Reporting to the Head of Medical Writing, this individual will partner closely with Clinical Development, Regulatory Affairs, Research, and other cross-functional teams to ensure accurate, consistent, and timely documentation supporting global clinical trials and regulatory submissions.

This is an excellent opportunity for an experienced medical writer who thrives in a collaborative, fast-paced biotech environment and wants to grow into increasing leadership responsibility.

Responsibilities

• Medical Writing & Content Development
  • Serve as primary author and/or lead writer for key clinical and regulatory documents, including:
    • Clinical Study Protocols and Amendments
    • Investigator’s Brochures (IBs)
    • Clinical Study Reports (CSRs)
    • IND/CTA submission documents and briefing packages
  • Critically analyze and interpret nonclinical, clinical, and external literature data to develop clear scientific narratives, conclusions, and messaging.
  • Ensure consistency of content, data interpretation, and scientific positioning across documents and programs.
• Cross-Functional Collaboration
  • Work closely with Clinical Development, Clinical Operations, Regulatory Affairs, CMC, Nonclinical, and Quality teams to:
    • Drive document timelines
    • Resolve data and messaging questions
    • Ensure regulatory and scientific alignment
  • Lead and participate in cross-functional document review meetings and support responses to health authority questions as needed.
• Process, Quality & Infrastructure
  • Support the development and maintenance of:
    • Medical writing templates, style guides, and standards
    • Document workflows, timelines, and best practices
    • SOPs and quality control processes
  • Perform or oversee document QC, ensuring accuracy, clarity, formatting consistency, and compliance with internal standards and regulatory expectations.
  • Evaluate and incorporate new writing support tools, including AI tools, to streamline processes and improve writing quality.
  • Contribute to inspection readiness and submission quality initiatives.
• Leadership & Development (scope dependent on level)
  • May mentor junior writers, contractors, or co-ops as the team grows.
  • Provide guidance on best practices in medical writing, document planning, and scientific storytelling.

Qualifications

• Required: Advanced degree or bachelor’s/master’s degree in life sciences, health sciences, or a related field.
• Required: ~5+ years of medical writing experience in biotech/pharma OR ~7+ years of writing experience in biotech/pharma or other scientific or academic setting. Includes document ownership and cross-functional leadership
• Required: Strong experience authoring clinical and regulatory documents (protocols, IBs, CSRs, IND/CTA content).
• Required: Solid understanding of clinical development and regulatory frameworks (FDA, EMA, ICH).
• Required: Excellent written, verbal, and organizational skills with strong attention to detail.
• Required: Proficiency with document authoring tools (e.g., Microsoft Word, Office suite, SharePoint, Adobe).
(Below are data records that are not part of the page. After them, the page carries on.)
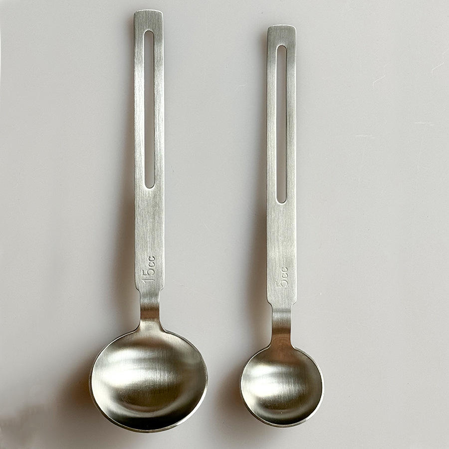 อุปกรณ์ทำขนมในครัว ช้อนตวงกาแฟ ชา สแตนเลส SUS304 5/15 ซีซี ด้ามยาว เป็นมิตรกับสิ่งแวดล้อม
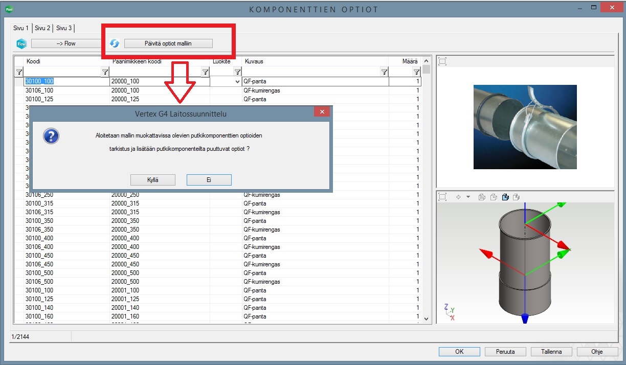 Jos PIPEOPTIONS-tietokantaan tehdään lisäyksiä sen jälkeen, kun putki- tai kanavalinja on reititetty, saadaan tiedot päivittymään malliin. Toiminnon käynnistysnapin löydät optiotietokannan näytöstä. (PLANT-3545)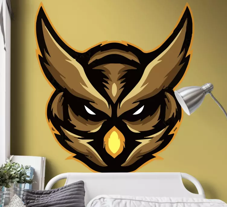 参考: A51535このイメージは、力強い目と詳細な羽毛を特徴とする猛々しいフクロウの顔を描いています。このデザインは、強さと知恵を体現しており、注目を集める印象的な視覚要素となり、どんな空間の美しさを高めます。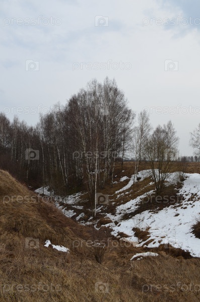 Весенний сельский пейзаж: овраг, сухая трава, тающий снег, деревья, поле, облака

• Preferred: Experience supporting gene editing/therapy or biologics programs.
• Preferred: Familiarity with rare disease clinical development.
• Preferred: Experience contributing to submissions across multiple development stages.
• Preferred: Comfort working in a hands-on, fast-moving biotech environment.

Education

• Advanced degree or bachelor’s/master’s degree in life sciences, health sciences, or a related field.